# WHAT YOU WILL DO
Search the records for the string "december" and return each line that has it.

# SOURCE MATERIAL
=======

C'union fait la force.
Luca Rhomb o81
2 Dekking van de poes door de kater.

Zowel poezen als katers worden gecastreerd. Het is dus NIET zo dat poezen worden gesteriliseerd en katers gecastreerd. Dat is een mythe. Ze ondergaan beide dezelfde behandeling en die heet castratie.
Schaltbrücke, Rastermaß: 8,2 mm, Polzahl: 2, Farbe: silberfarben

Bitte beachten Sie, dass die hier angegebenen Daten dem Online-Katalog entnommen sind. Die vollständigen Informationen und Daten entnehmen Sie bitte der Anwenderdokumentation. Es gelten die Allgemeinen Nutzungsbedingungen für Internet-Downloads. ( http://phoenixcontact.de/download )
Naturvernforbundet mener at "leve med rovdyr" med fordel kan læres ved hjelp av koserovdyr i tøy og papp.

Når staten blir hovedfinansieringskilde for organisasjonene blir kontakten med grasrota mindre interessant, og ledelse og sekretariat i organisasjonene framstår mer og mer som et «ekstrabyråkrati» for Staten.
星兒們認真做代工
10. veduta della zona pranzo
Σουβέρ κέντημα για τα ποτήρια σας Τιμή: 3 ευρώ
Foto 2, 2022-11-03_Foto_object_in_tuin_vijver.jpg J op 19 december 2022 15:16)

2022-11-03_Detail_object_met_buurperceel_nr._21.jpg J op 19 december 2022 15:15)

=======

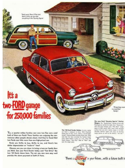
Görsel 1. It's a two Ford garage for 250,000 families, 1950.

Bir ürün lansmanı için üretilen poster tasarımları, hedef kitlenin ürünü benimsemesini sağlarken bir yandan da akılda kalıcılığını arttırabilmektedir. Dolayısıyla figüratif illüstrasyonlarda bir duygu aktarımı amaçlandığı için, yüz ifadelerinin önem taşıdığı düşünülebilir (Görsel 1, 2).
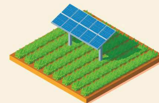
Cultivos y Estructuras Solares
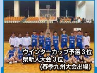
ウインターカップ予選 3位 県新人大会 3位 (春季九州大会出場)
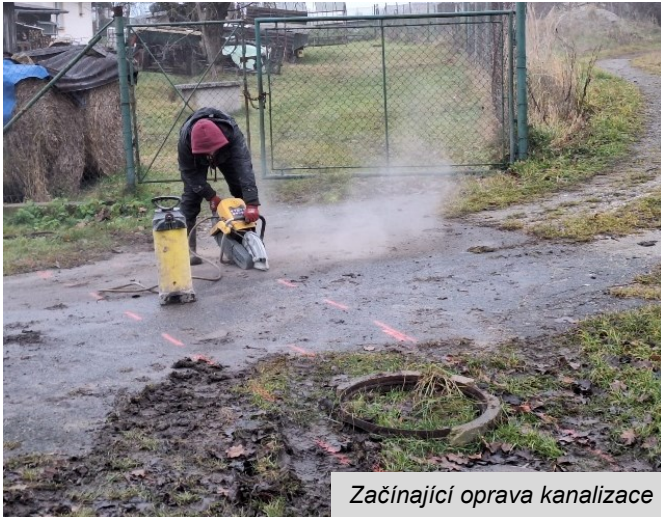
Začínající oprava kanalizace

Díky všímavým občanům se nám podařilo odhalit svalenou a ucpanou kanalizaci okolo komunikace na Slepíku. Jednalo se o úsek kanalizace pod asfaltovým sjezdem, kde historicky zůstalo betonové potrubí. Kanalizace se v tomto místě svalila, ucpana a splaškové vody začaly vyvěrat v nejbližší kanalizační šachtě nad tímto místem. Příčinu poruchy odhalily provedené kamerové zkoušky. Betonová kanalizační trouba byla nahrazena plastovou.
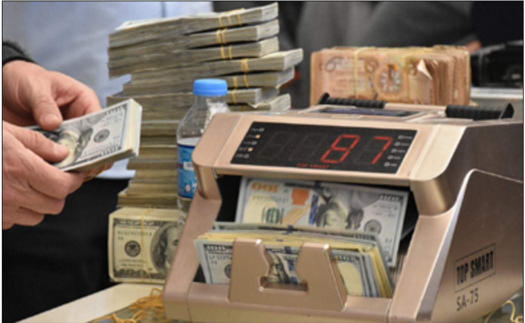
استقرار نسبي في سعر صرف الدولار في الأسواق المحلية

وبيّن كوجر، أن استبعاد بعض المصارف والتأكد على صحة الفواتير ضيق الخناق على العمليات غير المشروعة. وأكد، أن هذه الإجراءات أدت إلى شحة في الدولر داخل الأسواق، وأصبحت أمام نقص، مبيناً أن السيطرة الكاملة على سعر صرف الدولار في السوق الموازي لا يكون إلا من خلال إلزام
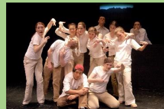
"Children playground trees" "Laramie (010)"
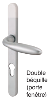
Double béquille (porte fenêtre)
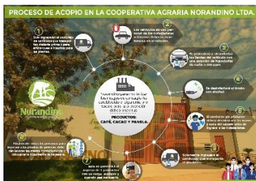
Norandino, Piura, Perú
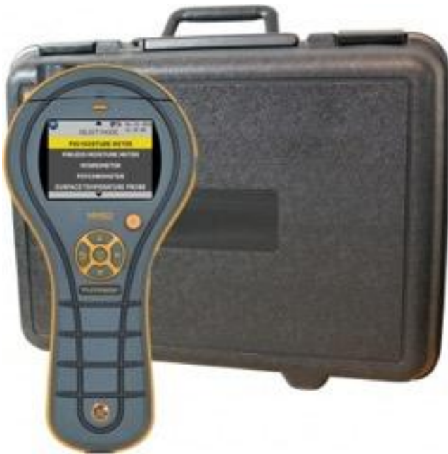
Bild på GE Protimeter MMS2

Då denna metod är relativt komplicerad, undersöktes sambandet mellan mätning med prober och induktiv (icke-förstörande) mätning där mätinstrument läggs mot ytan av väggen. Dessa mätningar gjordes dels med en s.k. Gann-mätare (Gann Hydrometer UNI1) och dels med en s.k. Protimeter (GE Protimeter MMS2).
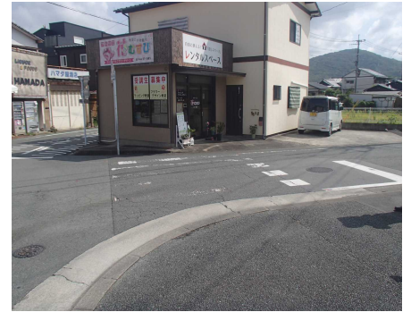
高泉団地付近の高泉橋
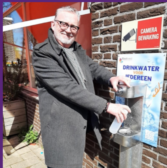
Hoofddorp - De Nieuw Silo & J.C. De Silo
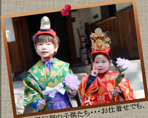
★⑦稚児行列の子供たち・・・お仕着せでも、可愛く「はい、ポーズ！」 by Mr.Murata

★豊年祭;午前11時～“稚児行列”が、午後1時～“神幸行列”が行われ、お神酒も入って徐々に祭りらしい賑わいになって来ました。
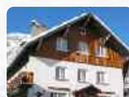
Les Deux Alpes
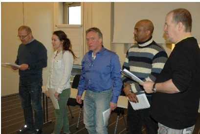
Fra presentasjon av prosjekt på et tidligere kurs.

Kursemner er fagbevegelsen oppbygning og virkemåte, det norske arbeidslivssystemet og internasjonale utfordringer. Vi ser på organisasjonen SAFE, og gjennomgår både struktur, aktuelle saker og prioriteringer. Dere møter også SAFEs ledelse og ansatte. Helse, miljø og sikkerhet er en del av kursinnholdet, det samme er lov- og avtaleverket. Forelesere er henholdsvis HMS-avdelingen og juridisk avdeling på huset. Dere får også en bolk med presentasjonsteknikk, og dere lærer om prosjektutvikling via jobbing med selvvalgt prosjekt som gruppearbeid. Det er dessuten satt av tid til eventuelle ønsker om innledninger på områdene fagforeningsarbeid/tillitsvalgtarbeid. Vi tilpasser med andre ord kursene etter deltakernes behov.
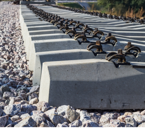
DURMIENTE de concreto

=======

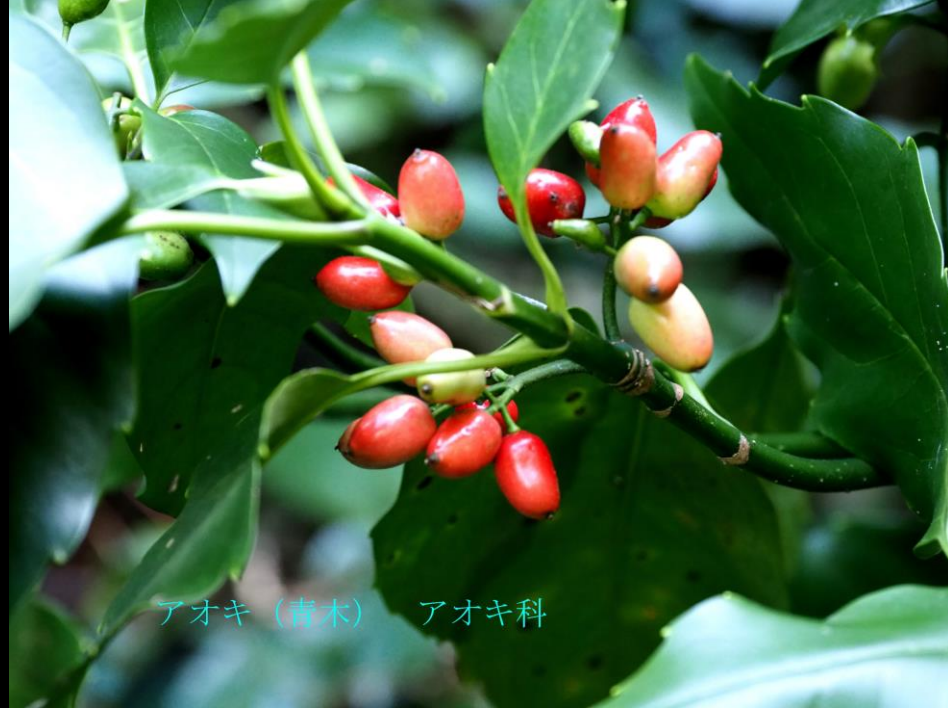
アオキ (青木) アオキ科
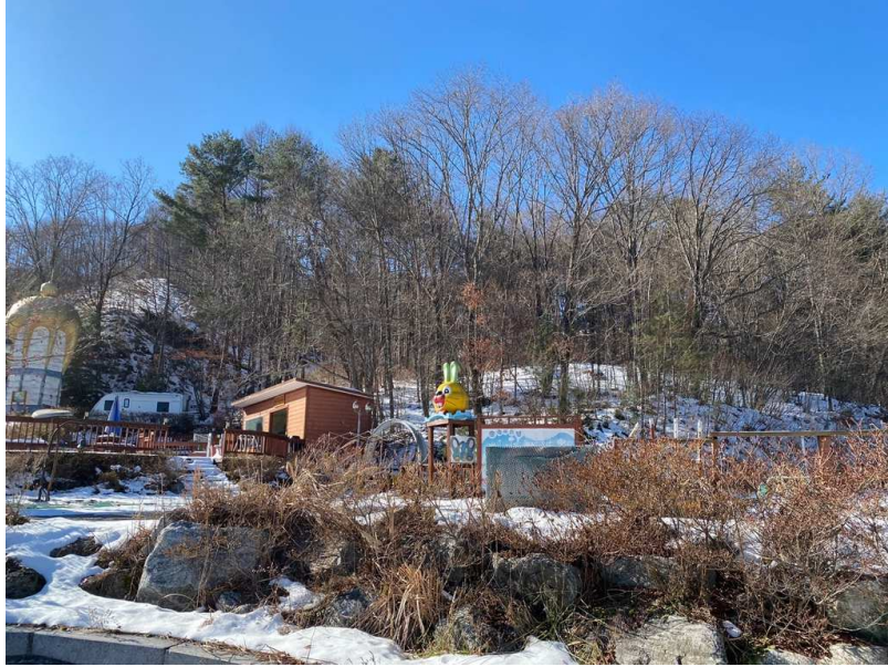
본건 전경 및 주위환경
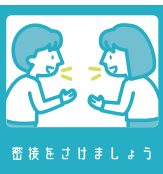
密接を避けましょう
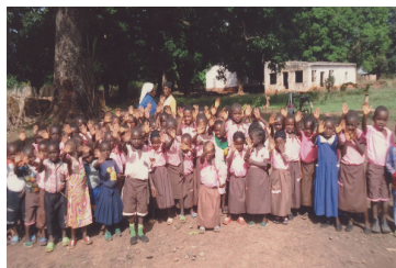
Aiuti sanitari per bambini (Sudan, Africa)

=======

# TASK RESULT
Foto 2, 2022-11-03_Foto_object_in_tuin_vijver.jpg J op 19 december 2022 15:16)
2022-11-03_Detail_object_met_buurperceel_nr._21.jpg J op 19 december 2022 15:15)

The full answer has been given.